Reality is the Land of Unintended Consequences

I was struck the other day by reports that President Obama last fall opposed the near unanimous recommendation of his advisors that the US arm Syrian rebels. (The USG has now decided, according to press reports, to provide some rebel groups with direct, non-lethal aid.) Although history may yet judge Obama’s reticence harshly, I couldn’t help but feel good that at least one senior US official–in this case the President–expressed concerns about the efficacy and unintended consequences of the traditional foreign policy “toolkit.” Certainly during my time in government and really just as a private citizen I’ve noticed that the actions of government don’t often seem to achieve their ends neatly, if at all.

As far as the world is concerned, we only have one “N”–there is only one earth and one history. We have no way of really judging the absolute efficacy of the grand schemes and decisions of government. We don’t really know how things would have turned out, for example, if we had never had the War in Vietnam. There is no John Madden-like sports simulation for foreign policy that would let us replay 100 times the US Government’s Asia policy in the 1950s and 1960s to determine statistically which gameplan would have fared better.

I think actually it may be in part due to this “unknowingness” that decisionmakers not just in government but in many industries stress the importance of making confident and fast decisions–why being a “J” on the Myers-Briggs is such a highly valued executive characteristic. The individuals who want to think through the decision a little bit longer–let’s call them the Let’s-think-about-it Firsters–are almost always argued down.

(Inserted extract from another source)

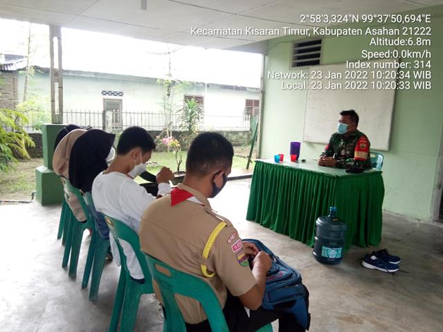 Asahan | Dalam rangka membina kekompakan bersama dengan anggota Sakawira Kartika, dalam hal ini seperti halnya yang dilakukan oleh Persone Bintara Pembina Desa (Babinsa) Koramil 06/Kisaran jajaran Kodim 0208/Asahan Praka Rio Sihotang turut serta melaksanakan kegiatan Komunikasi Sosial (Komsos) bersama dengan anggota Saka Wira Kartika Binaan Koramil 06/Kisaran, kegiatan tersebut yang dilaksanakan bertempat di Aula Koramil 06/Kisaran Jalan Prof Moh Yamin Lingkungan 3 Kelurahan Kisaran Naga Kecamatan Kisaran Timur Kabupaten Asahan, Minggu (23/01/2022).

No doubt this chart –inspired by the Cynefin framework–is a bit unfair to strong decision-makers, but it nevertheless captures how I, a charter member of the Let’s-think-about-it Firsters, see the dynamic.Decisionmaking spectrum

As I hope the chart makes clear, even the Let’s-think-about-it Firsters miscalculate the reality algorithm.

At some point, months, perhaps years later, the decisionmakers begin to experience the miscalculation of their earlier solutions.  (I use the verb “experience” here purposefully. It’s hard to change a decision you’re invested in until you FEEL the mistake you’ve made.) The levers they pulled didn’t deliver the causal punch they expected and–usually worse–produced different consequences that appear to be just making things worse. That’s when the decisionmaking dynamic begins to look like this.Newdecisionmaking

It’s at this point that a different, more nuanced, and more flexible set of decisions becomes possible. The bold decisionmakers and Let’s-think-about-it Firsters are closer in their appreciation of the dynamic they are trying to “solve.” (Even at this point, only the most bold would dare suggest that no solution might be immediately forthcoming.)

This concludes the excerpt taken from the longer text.